An OCR model for Vietnamese Handwriting Recognition problems with CNN + LSTM implemented with PyTorch Deeplearning framework.
This model is based on the proposed architecture in this paper: https://arxiv.org/pdf/1507.05717.pdf
- I used pretrained VGG16 for CNN's backbone, and Bidirectional LSTM for recurrent layersI highly recommend using conda virtual environment
pip install -r requirements.txt
This dataset is provided by Cinamon AI for Cinamon's AI Challenge.
In this step, we have to
- Binarized image by applying Otsu's thresholding method
- Remove noise
- Smooth boundaries by applying Contour Filter
I divided training process into 2 phases:
- Phase 1: Train LSTM only: 40 epochs, freezed VGG ,lr = 1e-3
python train.py --epoch [num of epochs] --img_path [path to img directory] --label_path [path to label directory] --lr [learning rate] --batch_size [batchsize] --ft [finetune: true or false] --mode [decode mode: 'greedy' or 'beam']

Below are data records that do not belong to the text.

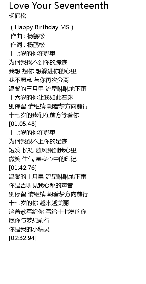 | [02:01.59] | 十七岁的你 越来越美丽 |
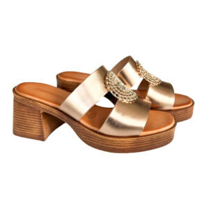 Δερμάτινα Γυναικεία Πέδιλα GKAVOGIANNIS με Τακούνι ROSE GOLD – 460
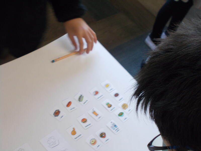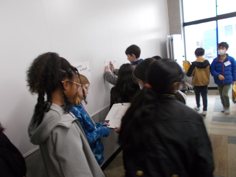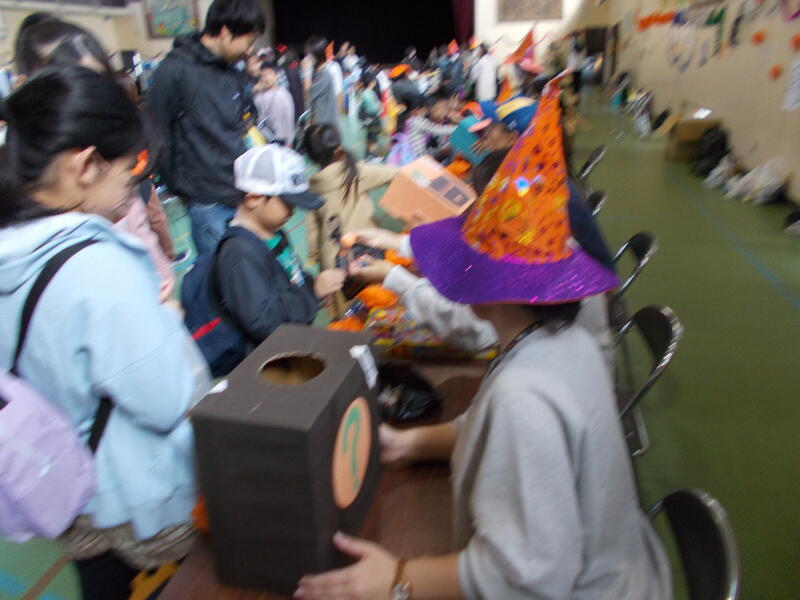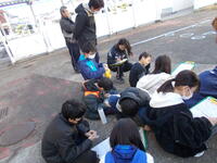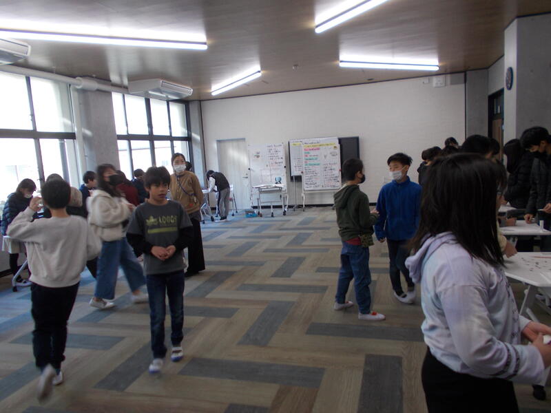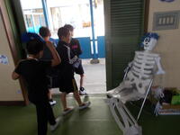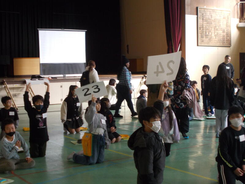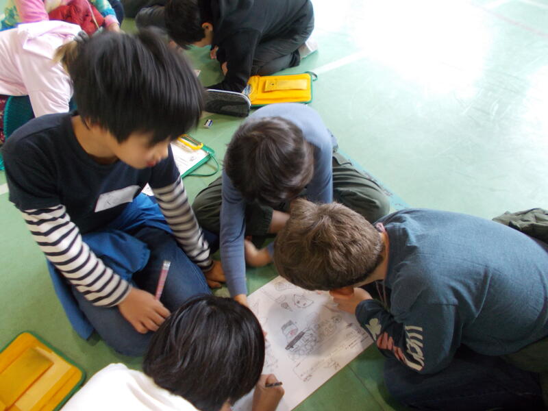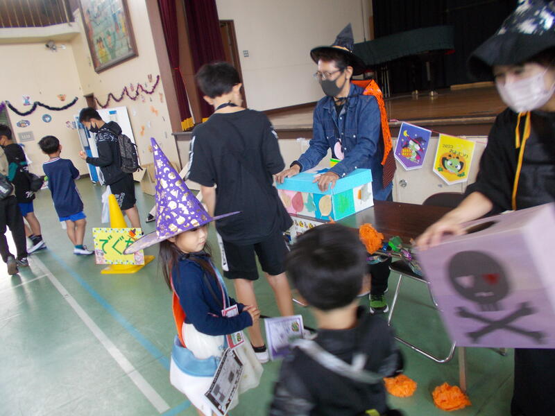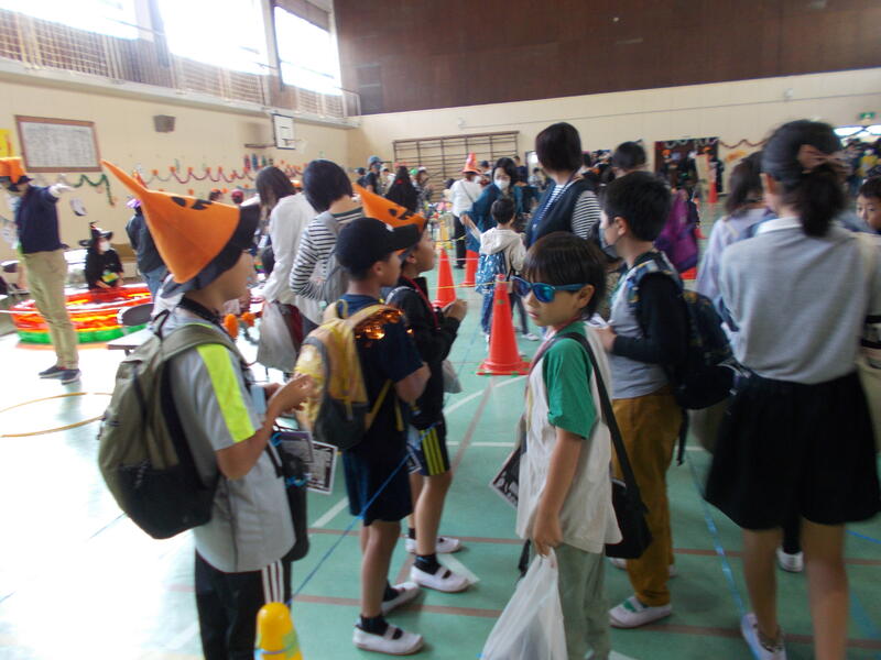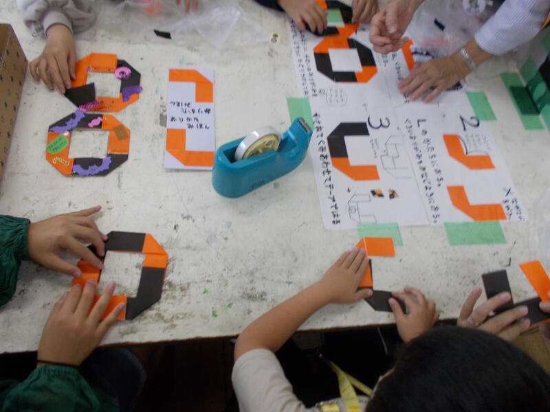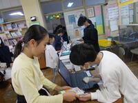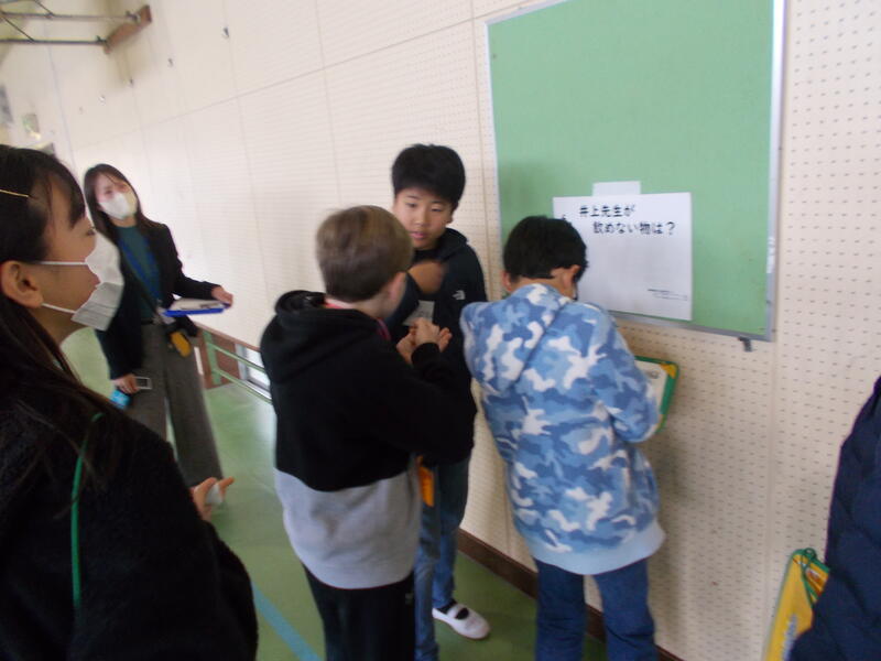1年生と2年生が手をつないで、暗号を解きながら校内を回りました。

- Phase 2: Finetune VGG16 backbone: 30 epochs, unfreezed VGG, lr = 1e-4
python finetune.py --epoch [num of epochs] --img_path [path to img directory] --label_path [path to label directory] --lr [learning rate] --batch_size [batchsize] --ft [finetune: true or false] --mode [decode mode: 'greedy' or 'beam']
I used CTC as loss function. There are two strategies for decoding task, Greedy or BeamSearch decoder.